"Say cheese!" My mother who seemed unusually excited chimed in her shrill voice to grab the attention of the room full of people, standing in scattered small clusters, as she took pictures of them and their loud smiles. A moment captured in time forever, a memory which would hardly ever be recalled again but it succeeded in achieving what she wanted.
To show how happy and silly we were. The truth? Not so much.
That was the point. These pictures, these happy smiles, these parties, it has always been the point. To avoid suspicion, to act normal, to blend in. Getting people's affirmations felt like having a subconscious conscience where everything they did was justified, and they knew that if something ever happened then they will always be supported by these people who didn't know the harsh reality of their true faces.
She tucked a strand of her blonde hair behind her ear as for a moment her facade broke and with that still pearly white smile on her face she spotted me and looked at me in a certain way which I was too familiar with.
I stood out like a sore thumb here. In my white dress, neatly pleated hair, emotionless face, quiet and alone. It didn't come to me, naturally or unnaturally. As if that piece was missing from me, snatched away. I couldn't bring myself to even smile back at the several smiling faces that would often questioningly look at me and perhaps wonder what was wrong with this sunken-eyed girl with a dark cloud all around her. Something that repelled everyone around.

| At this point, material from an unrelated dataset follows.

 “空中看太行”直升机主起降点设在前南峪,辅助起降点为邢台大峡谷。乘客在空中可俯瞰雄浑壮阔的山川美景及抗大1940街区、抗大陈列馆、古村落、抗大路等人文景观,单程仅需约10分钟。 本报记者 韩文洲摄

I turned away and walked to another room in search of a safe place where the chatter wasn't so loud, and I was invisible to the prying eyes of the people whose attention was on people other than me even if it was for one day. A day that I always looked forward to for reasons not common to most.
Upstairs looked like a good option but an option I was not provided. My grounds were strictly restricted to the three rooms downstairs occupied by the people to show that I was doing okay. I am fine. So that the screams or quiet whispers, whatever reached them were wrong and just something they might have imagined or heard were false tales.

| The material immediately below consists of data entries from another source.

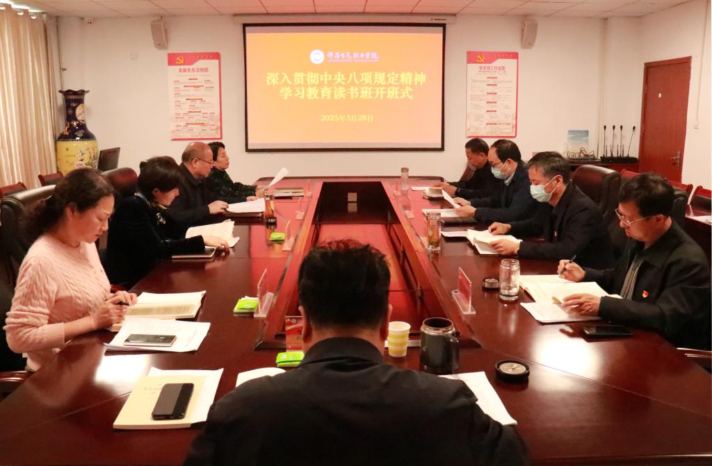 3月28日上午,我院深入贯彻中央八项规定精神学习教育读书班在行政楼第二会议室开班。院党委副书记、院长高远浩主持并讲话,党委理论学习中心组成员参加学习。
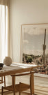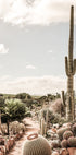 Un paisaje sereno inspirado en el desierto de altos cactus y exuberantes suculentas bajo un cielo suave y nublado. Esta fotografía botánica captura la tranquila belleza de una granja de cactus, con texturas naturales, tonos tierra y una calma eterna. Una impresión perfecta para los amantes de la naturaleza y las plantas.
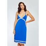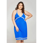 Lace trim chemise with cross back, adjustable shoulder strap and back slit.

The living room, the study, and the dining room.
None of them were empty yet the only available options I could choose from. Walking into the study room felt overwhelming because I was never allowed there. It was a mixed feeling of cautiousness and something new that I hardly ever felt. Peace.

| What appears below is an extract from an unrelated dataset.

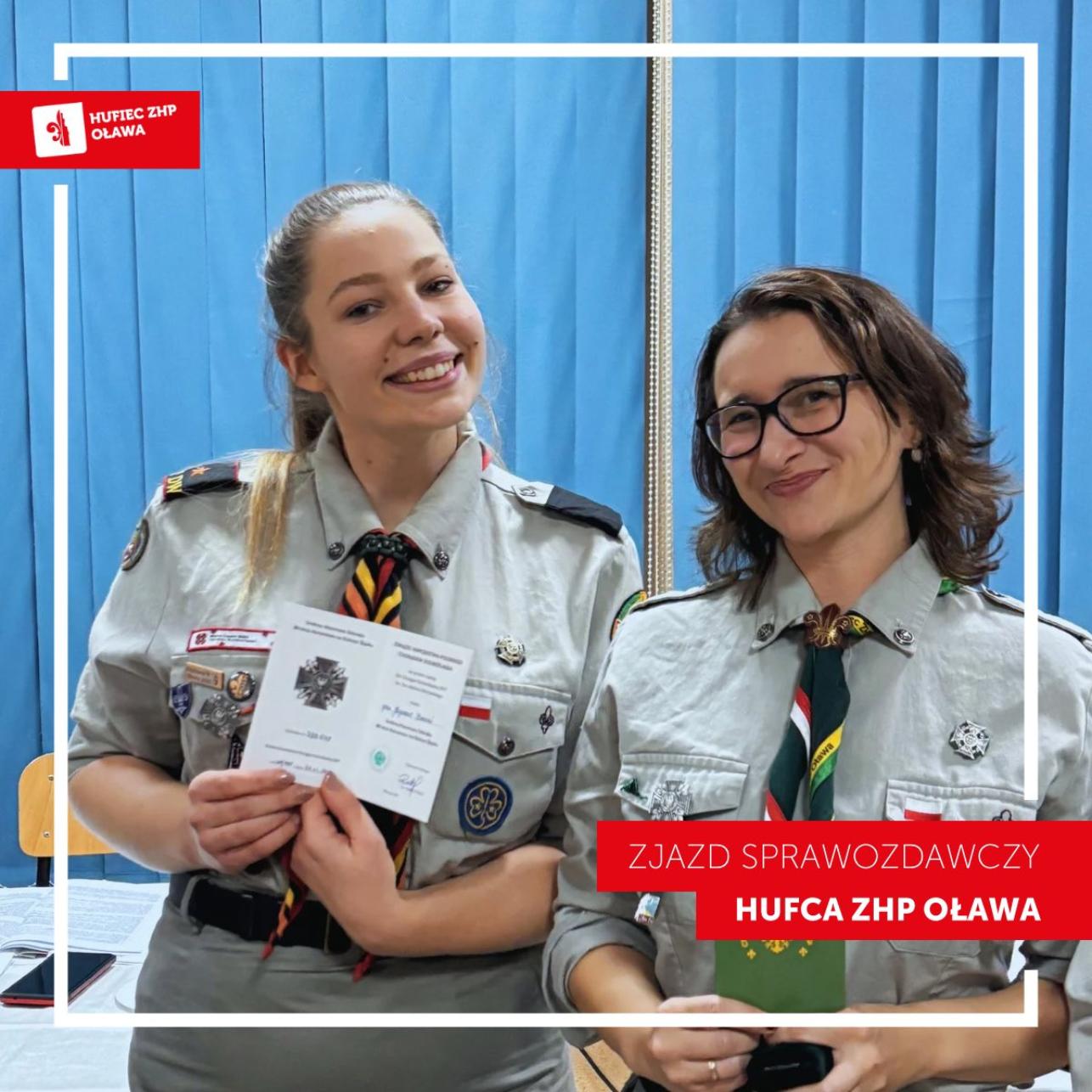 Cała aktualna Komenda Hufca ZHP Oława otrzymała absolutorium, a ich praca została oceniona pozytywnie. Podczas zjazdu przyznano również honorowe odznaczenia dla instruktorów naszego hufca:

I walked over to the windowsill and sat on the tufted cushion with a soft sigh on my lips. Pulling my knees up to my chest, trying to warm my cold self as the night glistened outside in the moonlight, on the snowflakes that drifted softly down on the earth. Quietly, making sure to not bother anyone. It must be cold outside too.
Their voices still loud and clear, it was hard to be alone. Well, I was never really alone, and yet I always was. Their eyes always on mine some way or the other. Making sure I didn't break the rules, making sure I did what I was told to do, making sure I kept quiet, making sure I pretended when they wanted me to.
I was good at pretending. Always have been. Like right now as I pretended to walk perfectly fine with a sprained ankle, bruises and cuts on my back, arms and a harmless, perfectly reserved, stoic face devoid of any emotions. I'd give myself that. I was good at pretending.
Sometimes if I tried enough, just hard enough...I could even pretend that I wasn't here.
A deep sigh closed eyes and I could pretend. The voices died down around me as I breathed and let myself breathe as deeply as I could. Feeling the chill cocoon, hold me in its prickling yet gentle caress. I was there. Alone. With no one around. Just me.
Only if that was true.
I didn't notice the stranger that stood in that room, staring at me with eyes sharper than the ones I was used to. A mind so dark and twisted that in a way you can't deny the genius his dexterous abilities because the plans he had swirling in his head from the moment he laid eyes on me was something no one could foresee.